## What the task asks
Print the whole listing again exactly, keeping no pictures in it.

## Data shown
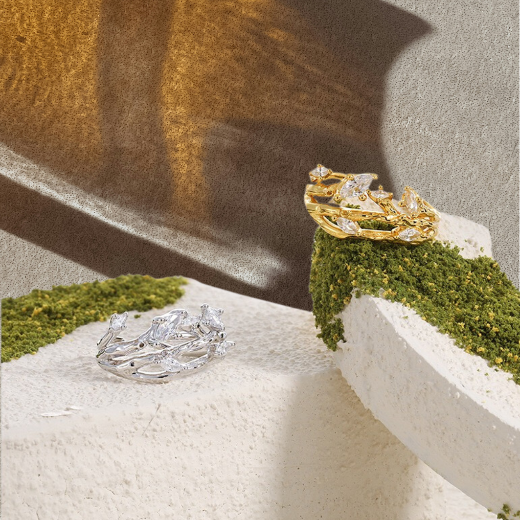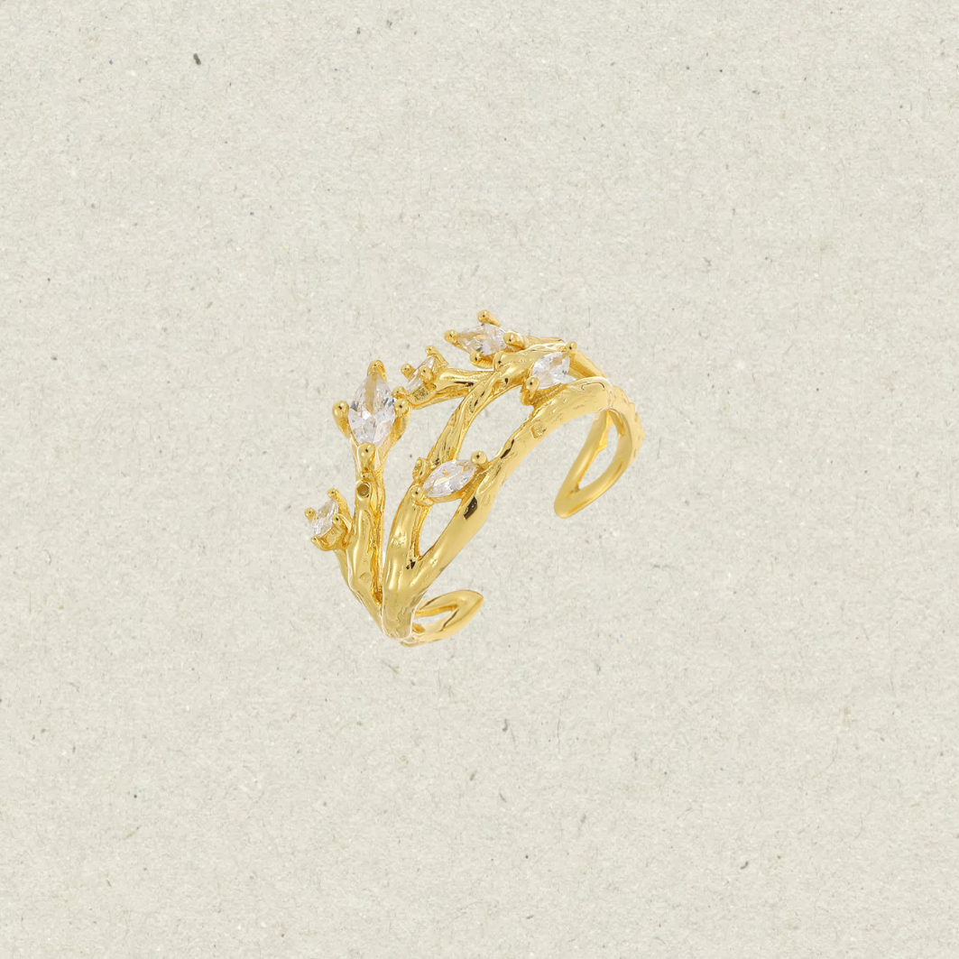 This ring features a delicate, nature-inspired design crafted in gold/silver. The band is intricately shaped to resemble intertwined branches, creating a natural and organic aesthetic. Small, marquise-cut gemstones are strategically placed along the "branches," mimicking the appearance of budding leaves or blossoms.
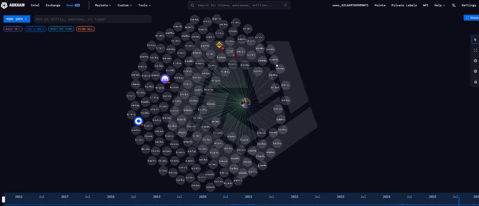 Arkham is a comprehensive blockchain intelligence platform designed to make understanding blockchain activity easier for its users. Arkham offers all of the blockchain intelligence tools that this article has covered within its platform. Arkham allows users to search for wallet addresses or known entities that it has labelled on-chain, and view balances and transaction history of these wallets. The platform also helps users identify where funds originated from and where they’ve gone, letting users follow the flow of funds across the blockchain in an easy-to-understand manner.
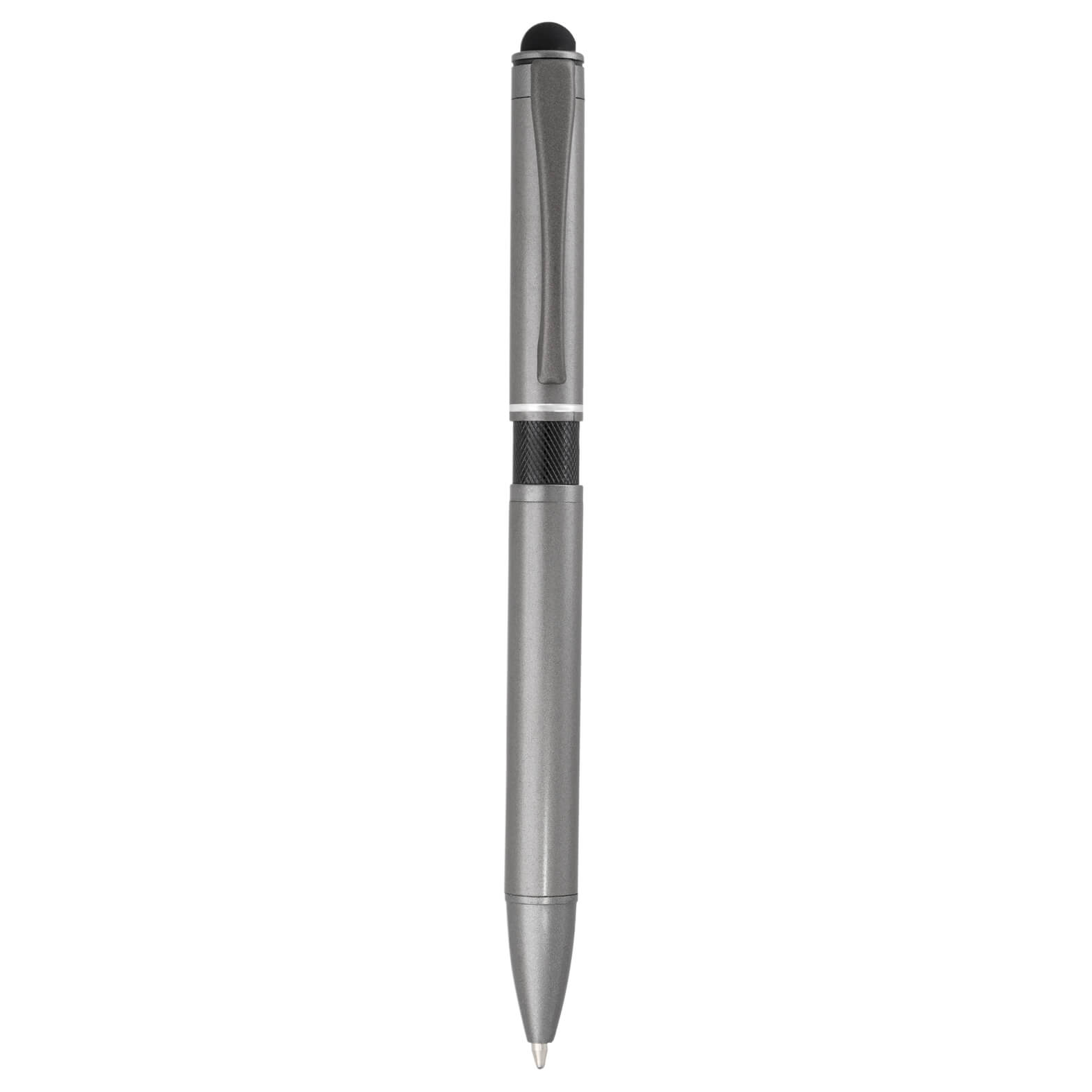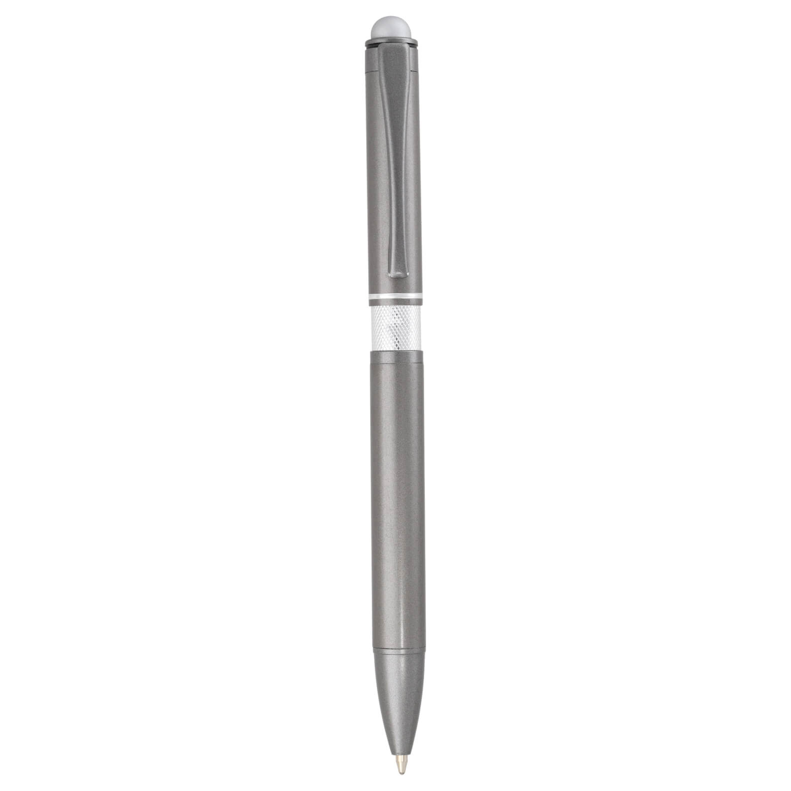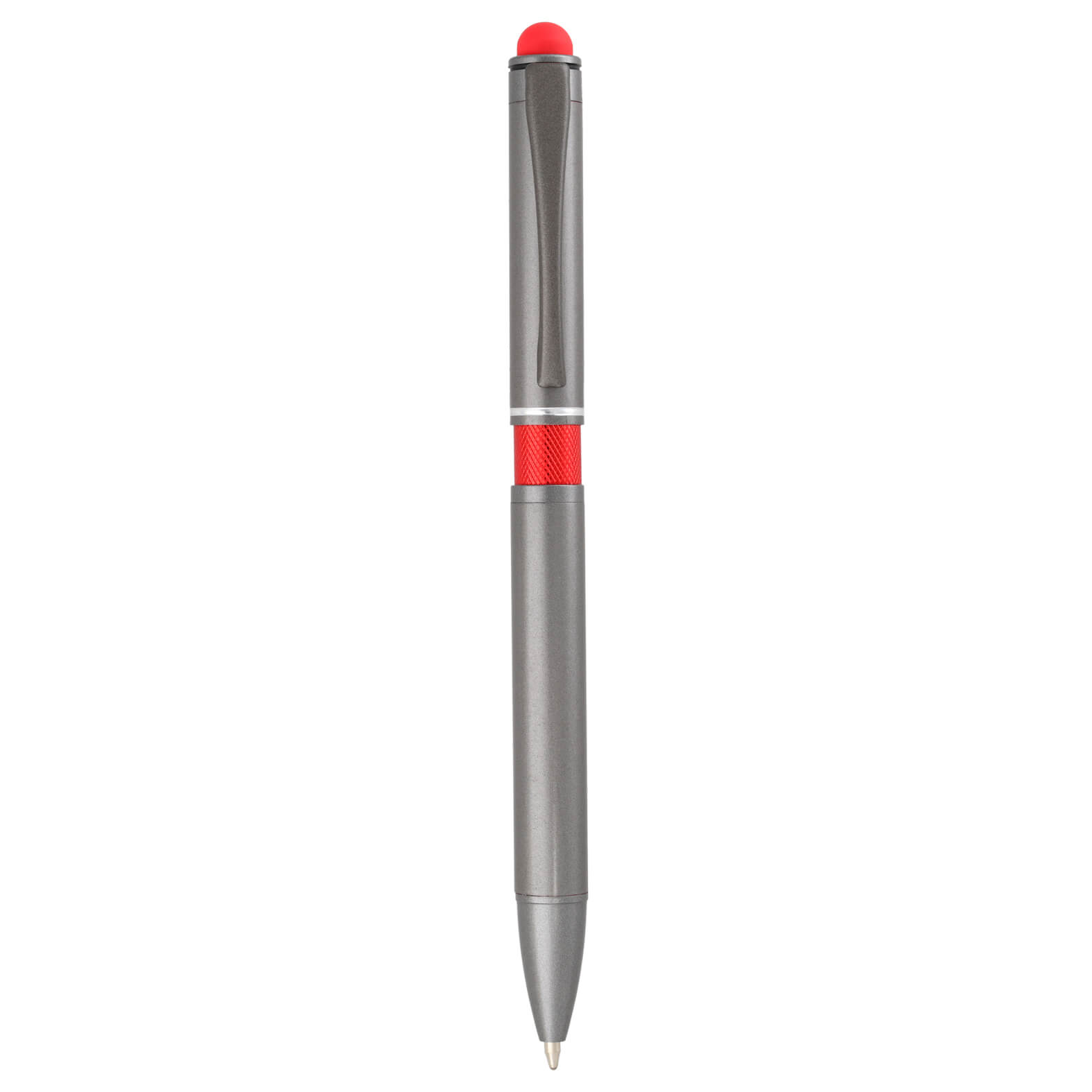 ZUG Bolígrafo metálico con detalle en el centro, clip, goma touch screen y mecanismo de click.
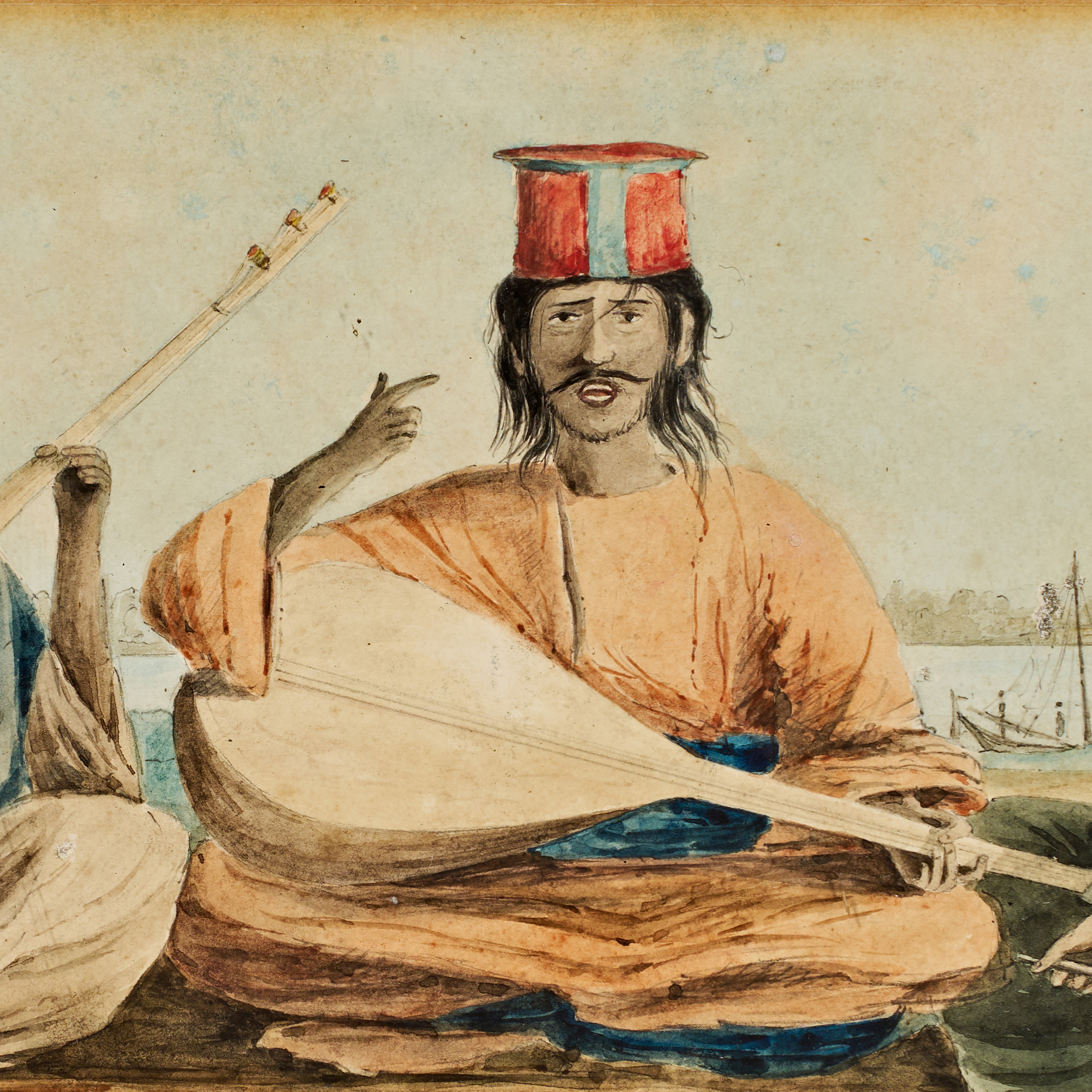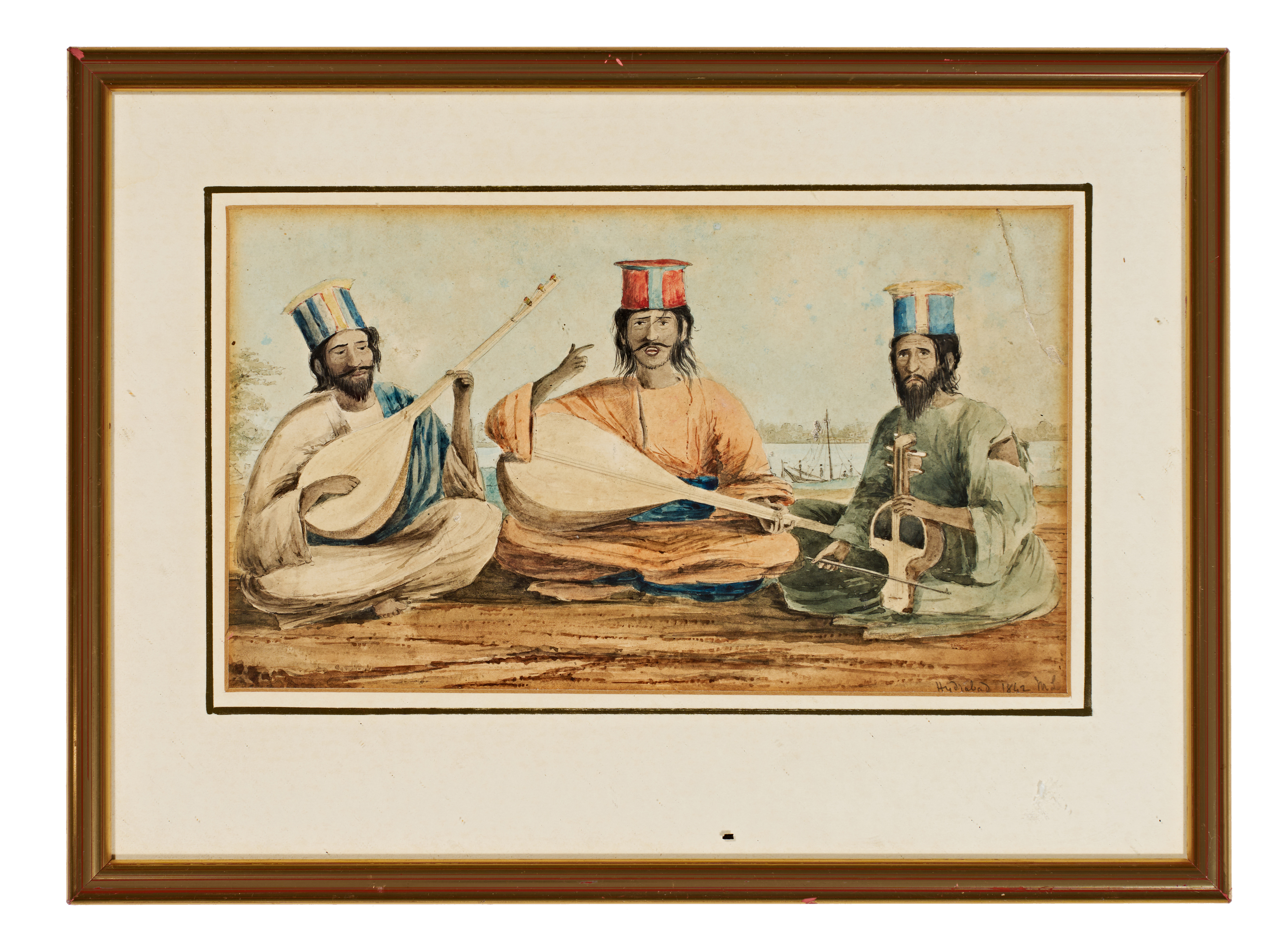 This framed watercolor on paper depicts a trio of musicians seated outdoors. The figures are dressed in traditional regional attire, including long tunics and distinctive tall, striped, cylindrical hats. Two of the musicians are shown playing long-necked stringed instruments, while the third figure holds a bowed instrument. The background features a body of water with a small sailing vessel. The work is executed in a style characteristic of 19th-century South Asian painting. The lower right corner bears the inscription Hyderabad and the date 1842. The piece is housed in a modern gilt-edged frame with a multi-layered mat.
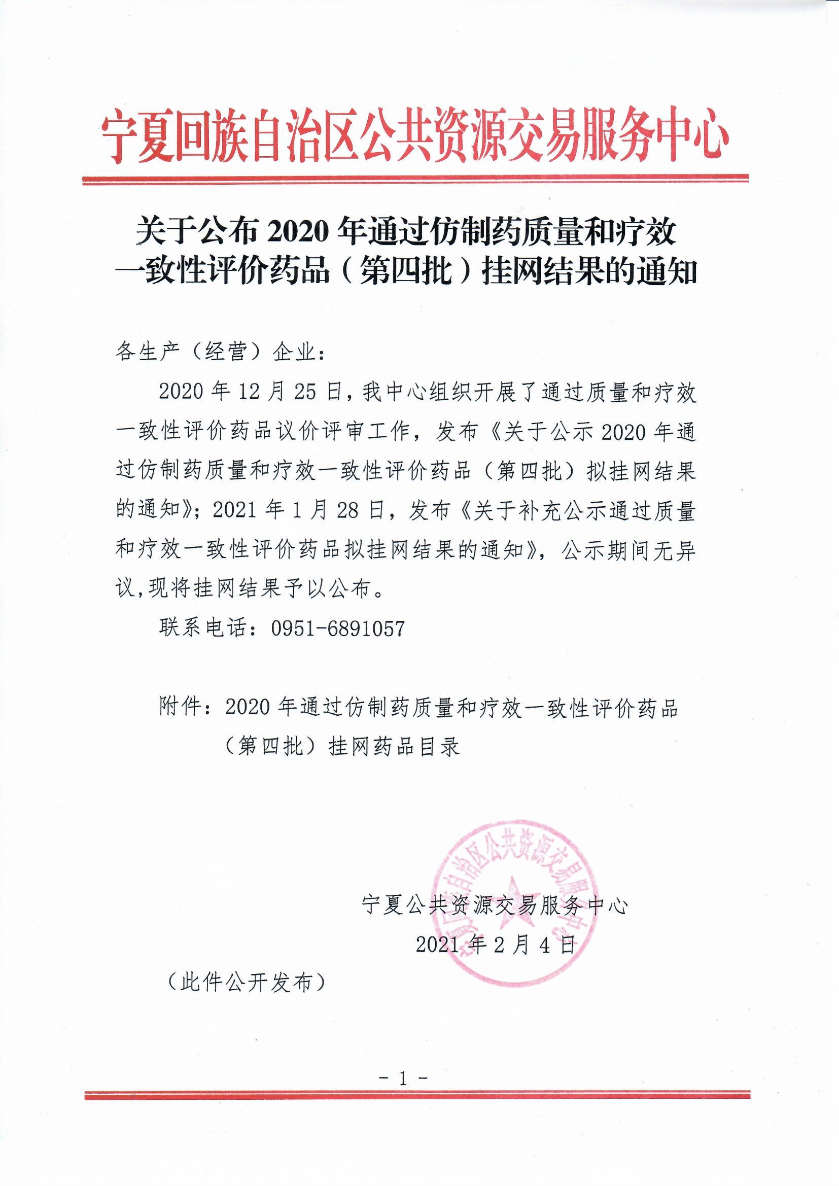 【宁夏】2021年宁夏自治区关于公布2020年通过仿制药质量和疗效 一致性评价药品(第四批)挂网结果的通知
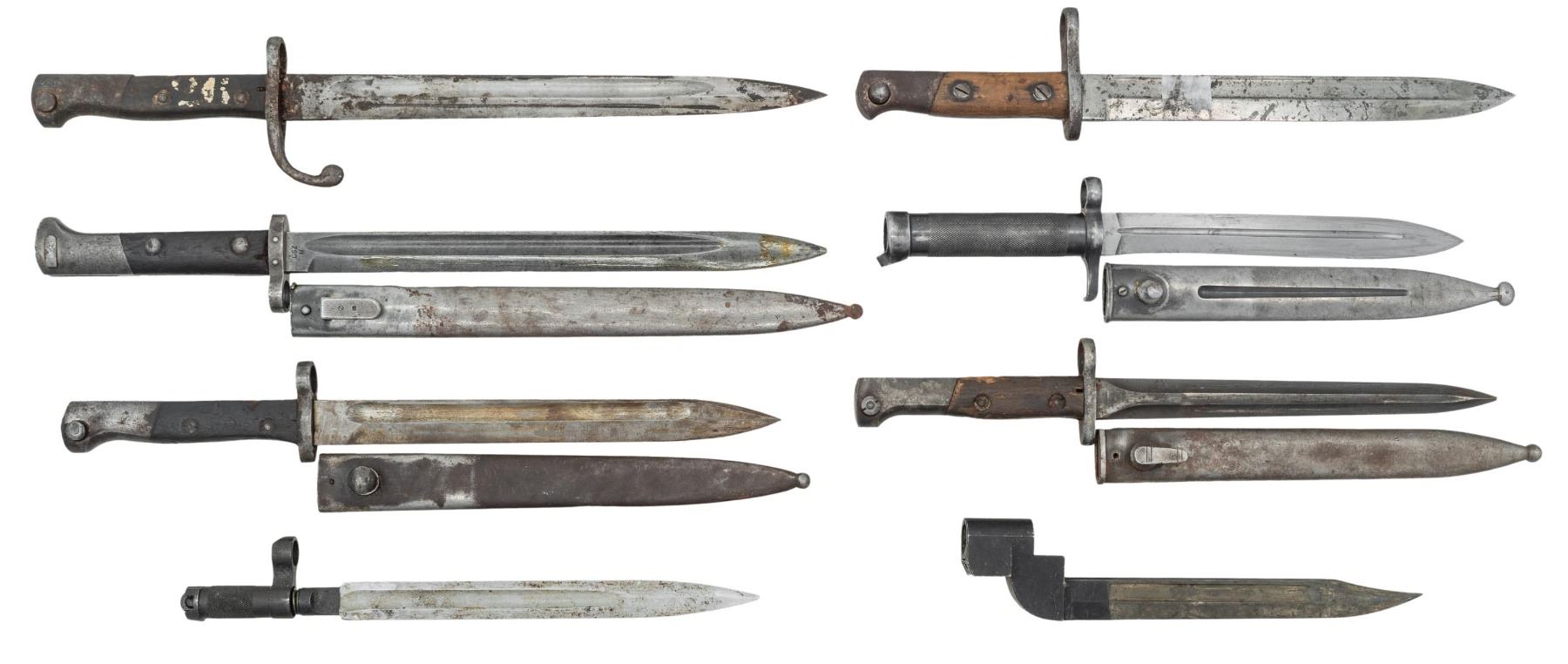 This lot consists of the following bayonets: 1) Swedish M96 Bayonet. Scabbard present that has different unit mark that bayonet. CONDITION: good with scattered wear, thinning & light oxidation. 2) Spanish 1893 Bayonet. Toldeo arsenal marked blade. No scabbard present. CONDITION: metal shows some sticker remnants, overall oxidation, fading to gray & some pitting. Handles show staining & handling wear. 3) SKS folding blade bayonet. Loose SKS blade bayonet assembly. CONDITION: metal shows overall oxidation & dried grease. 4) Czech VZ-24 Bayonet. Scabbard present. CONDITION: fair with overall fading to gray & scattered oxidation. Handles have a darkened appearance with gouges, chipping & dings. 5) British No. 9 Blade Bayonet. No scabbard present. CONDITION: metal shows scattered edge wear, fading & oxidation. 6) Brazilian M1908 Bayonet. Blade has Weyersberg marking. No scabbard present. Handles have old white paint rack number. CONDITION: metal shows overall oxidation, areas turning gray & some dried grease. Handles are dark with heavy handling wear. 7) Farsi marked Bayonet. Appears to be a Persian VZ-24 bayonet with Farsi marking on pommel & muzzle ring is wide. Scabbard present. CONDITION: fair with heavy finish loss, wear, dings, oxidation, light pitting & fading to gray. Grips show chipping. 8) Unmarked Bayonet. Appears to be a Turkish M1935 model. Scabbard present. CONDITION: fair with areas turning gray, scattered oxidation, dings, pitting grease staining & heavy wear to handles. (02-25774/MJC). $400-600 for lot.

## Result of the task
 This ring features a delicate, nature-inspired design crafted in gold/silver. The band is intricately shaped to resemble intertwined branches, creating a natural and organic aesthetic. Small, marquise-cut gemstones are strategically placed along the "branches," mimicking the appearance of budding leaves or blossoms.
 Arkham is a comprehensive blockchain intelligence platform designed to make understanding blockchain activity easier for its users. Arkham offers all of the blockchain intelligence tools that this article has covered within its platform. Arkham allows users to search for wallet addresses or known entities that it has labelled on-chain, and view balances and transaction history of these wallets. The platform also helps users identify where funds originated from and where they’ve gone, letting users follow the flow of funds across the blockchain in an easy-to-understand manner.
 ZUG Bolígrafo metálico con detalle en el centro, clip, goma touch screen y mecanismo de click.
 This framed watercolor on paper depicts a trio of musicians seated outdoors. The figures are dressed in traditional regional attire, including long tunics and distinctive tall, striped, cylindrical hats. Two of the musicians are shown playing long-necked stringed instruments, while the third figure holds a bowed instrument. The background features a body of water with a small sailing vessel. The work is executed in a style characteristic of 19th-century South Asian painting. The lower right corner bears the inscription Hyderabad and the date 1842. The piece is housed in a modern gilt-edged frame with a multi-layered mat.
 【宁夏】2021年宁夏自治区关于公布2020年通过仿制药质量和疗效 一致性评价药品(第四批)挂网结果的通知
 This lot consists of the following bayonets: 1) Swedish M96 Bayonet. Scabbard present that has different unit mark that bayonet. CONDITION: good with scattered wear, thinning & light oxidation. 2) Spanish 1893 Bayonet. Toldeo arsenal marked blade. No scabbard present. CONDITION: metal shows some sticker remnants, overall oxidation, fading to gray & some pitting. Handles show staining & handling wear. 3) SKS folding blade bayonet. Loose SKS blade bayonet assembly. CONDITION: metal shows overall oxidation & dried grease. 4) Czech VZ-24 Bayonet. Scabbard present. CONDITION: fair with overall fading to gray & scattered oxidation. Handles have a darkened appearance with gouges, chipping & dings. 5) British No. 9 Blade Bayonet. No scabbard present. CONDITION: metal shows scattered edge wear, fading & oxidation. 6) Brazilian M1908 Bayonet. Blade has Weyersberg marking. No scabbard present. Handles have old white paint rack number. CONDITION: metal shows overall oxidation, areas turning gray & some dried grease. Handles are dark with heavy handling wear. 7) Farsi marked Bayonet. Appears to be a Persian VZ-24 bayonet with Farsi marking on pommel & muzzle ring is wide. Scabbard present. CONDITION: fair with heavy finish loss, wear, dings, oxidation, light pitting & fading to gray. Grips show chipping. 8) Unmarked Bayonet. Appears to be a Turkish M1935 model. Scabbard present. CONDITION: fair with areas turning gray, scattered oxidation, dings, pitting grease staining & heavy wear to handles. (02-25774/MJC). $400-600 for lot.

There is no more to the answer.